┌──

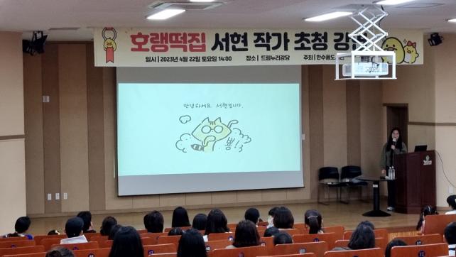 ÃÊû °¿¬Àº ÇѼöÇ®µµ¼°ü µå¸²´©¸® °´ç¿¡¼ ÁøÇàµÇ¾î, ¼Çö ÀÛ°¡°¡ ±×¸²Ã¥µéÀ» ¼Ò°³ÇÏ°í ¡¸È£·©¶±Áý¡¹À» ÇÔ²² ÀÐÀ¸¸ç ÁٰŸ®¿¡ ¼û°ÜÁø À̾߱â¿Í ÀÛ¾÷ Áß¿¡ °Þ¾ú´ø ¿¡ÇǼҵåµéÀ» µé·ÁÁÖ¾ú´Ù. ÀÌÈÄ ¾î¸°À̵éÀÇ ´Ù¾çÇÑ Áú¹®µé¿¡ ´äÇÏ°í »çÀÎȸ¸¦ ÅëÇØ Á÷Á¢ ¼ÒÅëÇÏ´Â ½Ã°£À» °¡Á³´Ù.
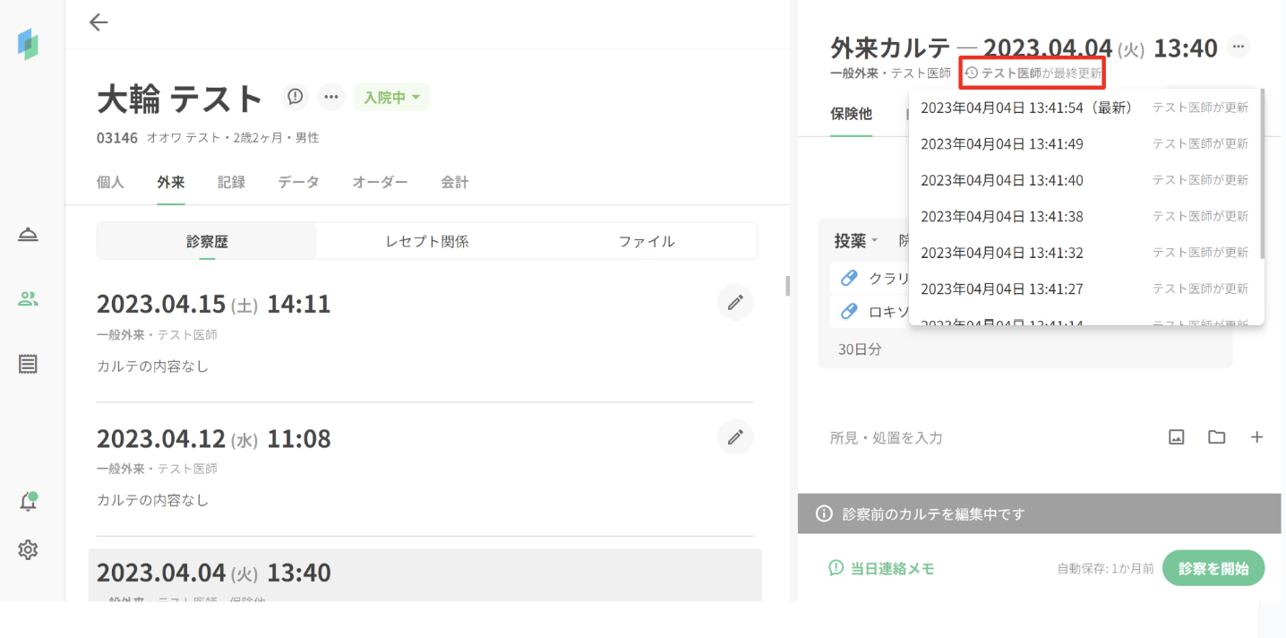 カルテ上部の日付の下にある時計マークのアイコンをクリックすると編集時間と編集者が表示され、それをクリックするとその時点でのカルテの状態が閲覧可能です。
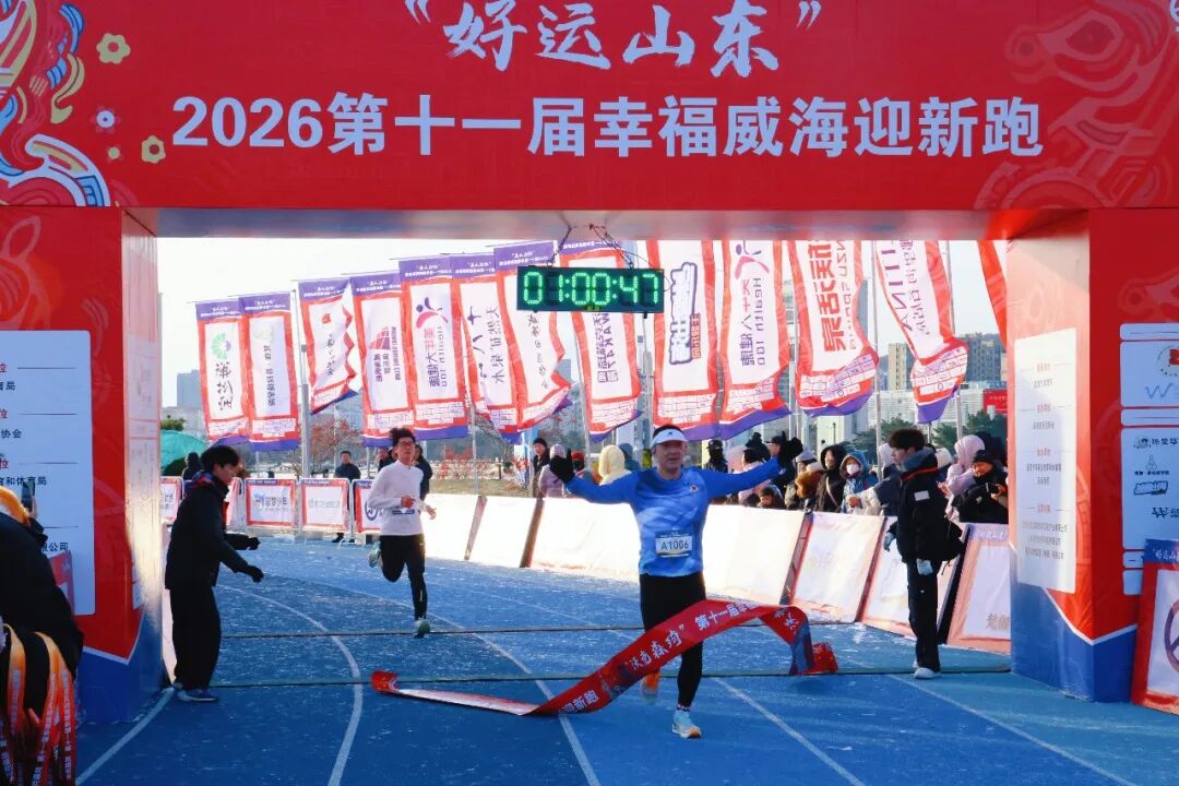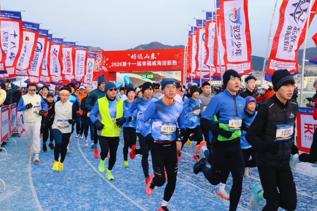 不远处的至海港湾大操场同样热闹非凡,“好运山东”2026年第十一届幸福威海迎新跑在这里鸣枪开跑。跑步爱好者们迈着矫健的步伐冲出起点,沿着既定路线奋力奔跑,用活力与激情诠释对新年的美好期许。赛道旁,加油声、呐喊声此起彼伏,现场氛围热烈十足。
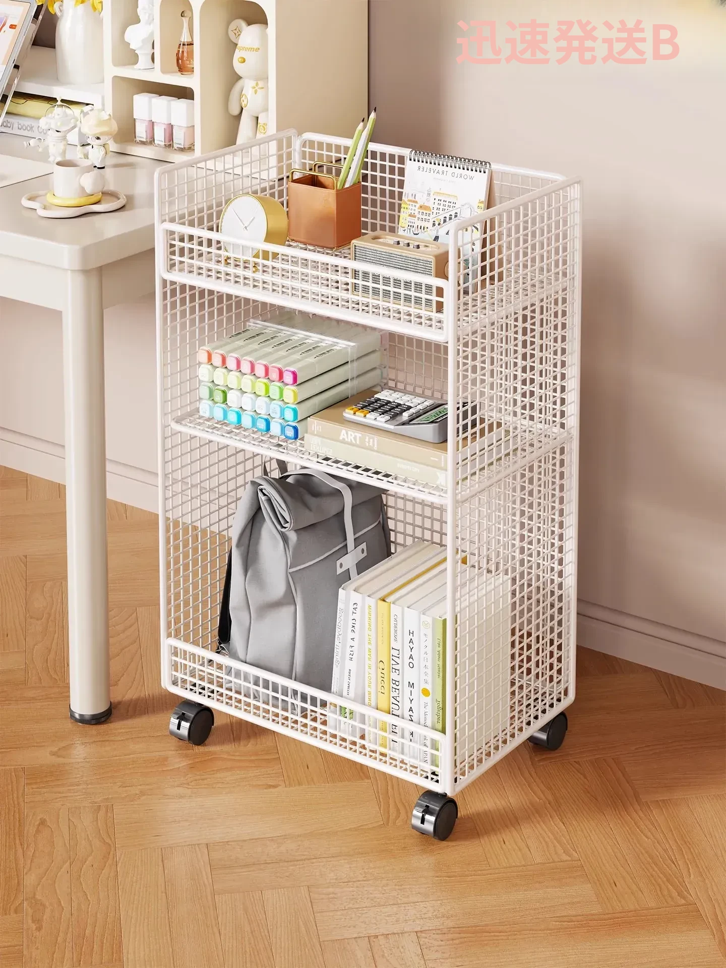 キャスター付きデスク下収納ラック - 学生向けのフロアブックシェルフ、教室整理に最適な多層本収納ラック!スペースを有効活用し、すっきりとした学習環境を実現します!
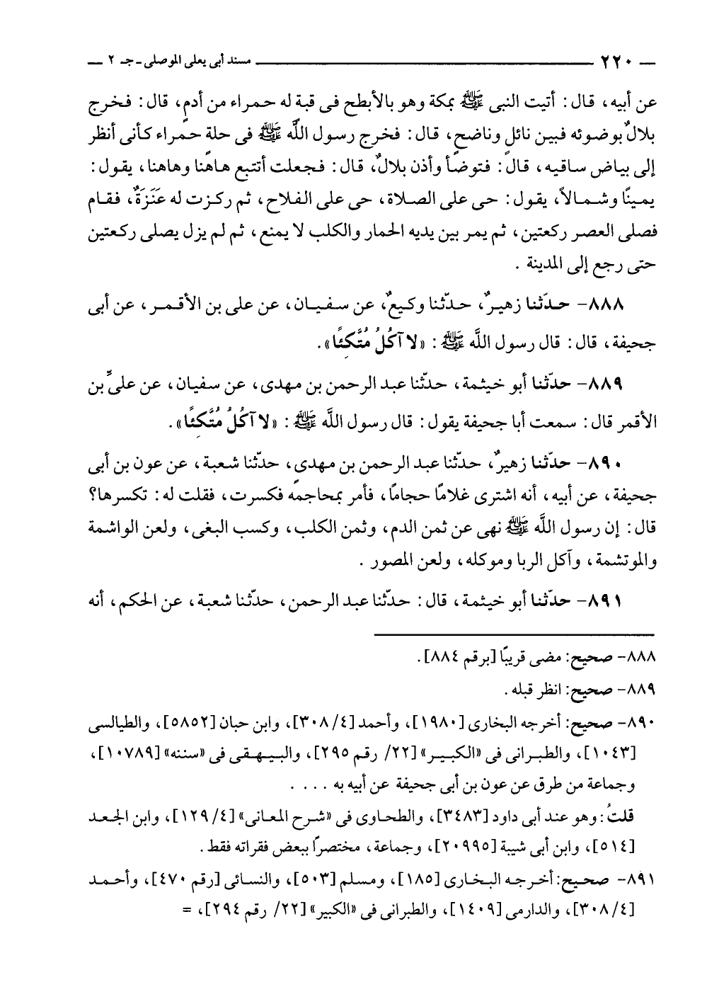 ٨٨٨ - حدثنا زهيرٌ، حدّثنا وكيعٌ، عن سفيان، عن علي بن الأقمر، عن أبى جحيفة، قال: قال رسول الله - صلى الله عليه وسلم -: "لا آكُلُ مُتَّكِئًا".
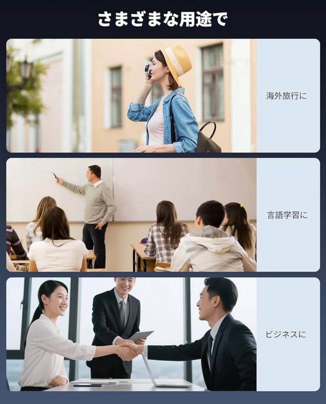 【2000円お値引き】 《ご利用の流れ》 ①気になる商品を探す。 ②購入金額の下に表示されているクーポンをタップする。 ③割引が適用されたことを確認して、そのままご購入ください。 ※システム上、ご購入手続き完了後にお値引き(クーポンの適用)をすることはできません。必ず「ご購入時」にクーポンを選択・適用してください。 新発売MUMEOMU Z16音声翻訳機はエッジAIモデル搭載で、翻訳スピードは従来比30%向上!先進的な AI LLM モデルによってコミュニケーションの文脈を理解し、聞き間違えやすい同音語を自動的に修正します。これにより、98%精度リアルタイム翻訳を実現。また、高精度な雑音除去技術を搭載、雑音の多い環境下でも正確に音声を認識可能です。 MUMEOMU Z16は、150カ国の言語に対応したオンライン翻訳機能を備えています。わずか0.2秒で迅速かつ正確に翻訳を行うことができ、言葉の壁を感じることなくスムーズなコミュニケーションを実現します。話すだけで希望の言語に即座に翻訳し、音声で再生することが可能です。海外旅行では現地の人々との交流をより深め、外国語学習では効率的な学びをサポートします。また、ビジネスシーンにおいても異なる言語間のコミュニケーションを円滑にし、国際的なビジネスの場での信頼関係構築に貢献します。 SIMカード不要!ネットワーク接続無しで、21言語のオフライン翻訳をサポートします。オフライン翻訳は

└──

Task :: Each entry is to be returned as it stands, and each picture is to be left out.

Output below ::
 ÃÊû °¿¬Àº ÇѼöÇ®µµ¼°ü µå¸²´©¸® °´ç¿¡¼ ÁøÇàµÇ¾î, ¼Çö ÀÛ°¡°¡ ±×¸²Ã¥µéÀ» ¼Ò°³ÇÏ°í ¡¸È£·©¶±Áý¡¹À» ÇÔ²² ÀÐÀ¸¸ç ÁٰŸ®¿¡ ¼û°ÜÁø À̾߱â¿Í ÀÛ¾÷ Áß¿¡ °Þ¾ú´ø ¿¡ÇǼҵåµéÀ» µé·ÁÁÖ¾ú´Ù. ÀÌÈÄ ¾î¸°À̵éÀÇ ´Ù¾çÇÑ Áú¹®µé¿¡ ´äÇÏ°í »çÀÎȸ¸¦ ÅëÇØ Á÷Á¢ ¼ÒÅëÇÏ´Â ½Ã°£À» °¡Á³´Ù.
 カルテ上部の日付の下にある時計マークのアイコンをクリックすると編集時間と編集者が表示され、それをクリックするとその時点でのカルテの状態が閲覧可能です。
 不远处的至海港湾大操场同样热闹非凡,“好运山东”2026年第十一届幸福威海迎新跑在这里鸣枪开跑。跑步爱好者们迈着矫健的步伐冲出起点,沿着既定路线奋力奔跑,用活力与激情诠释对新年的美好期许。赛道旁,加油声、呐喊声此起彼伏,现场氛围热烈十足。
 キャスター付きデスク下収納ラック - 学生向けのフロアブックシェルフ、教室整理に最適な多層本収納ラック!スペースを有効活用し、すっきりとした学習環境を実現します!
 ٨٨٨ - حدثنا زهيرٌ، حدّثنا وكيعٌ، عن سفيان، عن علي بن الأقمر، عن أبى جحيفة، قال: قال رسول الله - صلى الله عليه وسلم -: "لا آكُلُ مُتَّكِئًا".
 【2000円お値引き】 《ご利用の流れ》 ①気になる商品を探す。 ②購入金額の下に表示されているクーポンをタップする。 ③割引が適用されたことを確認して、そのままご購入ください。 ※システム上、ご購入手続き完了後にお値引き(クーポンの適用)をすることはできません。必ず「ご購入時」にクーポンを選択・適用してください。 新発売MUMEOMU Z16音声翻訳機はエッジAIモデル搭載で、翻訳スピードは従来比30%向上!先進的な AI LLM モデルによってコミュニケーションの文脈を理解し、聞き間違えやすい同音語を自動的に修正します。これにより、98%精度リアルタイム翻訳を実現。また、高精度な雑音除去技術を搭載、雑音の多い環境下でも正確に音声を認識可能です。 MUMEOMU Z16は、150カ国の言語に対応したオンライン翻訳機能を備えています。わずか0.2秒で迅速かつ正確に翻訳を行うことができ、言葉の壁を感じることなくスムーズなコミュニケーションを実現します。話すだけで希望の言語に即座に翻訳し、音声で再生することが可能です。海外旅行では現地の人々との交流をより深め、外国語学習では効率的な学びをサポートします。また、ビジネスシーンにおいても異なる言語間のコミュニケーションを円滑にし、国際的なビジネスの場での信頼関係構築に貢献します。 SIMカード不要!ネットワーク接続無しで、21言語のオフライン翻訳をサポートします。オフライン翻訳は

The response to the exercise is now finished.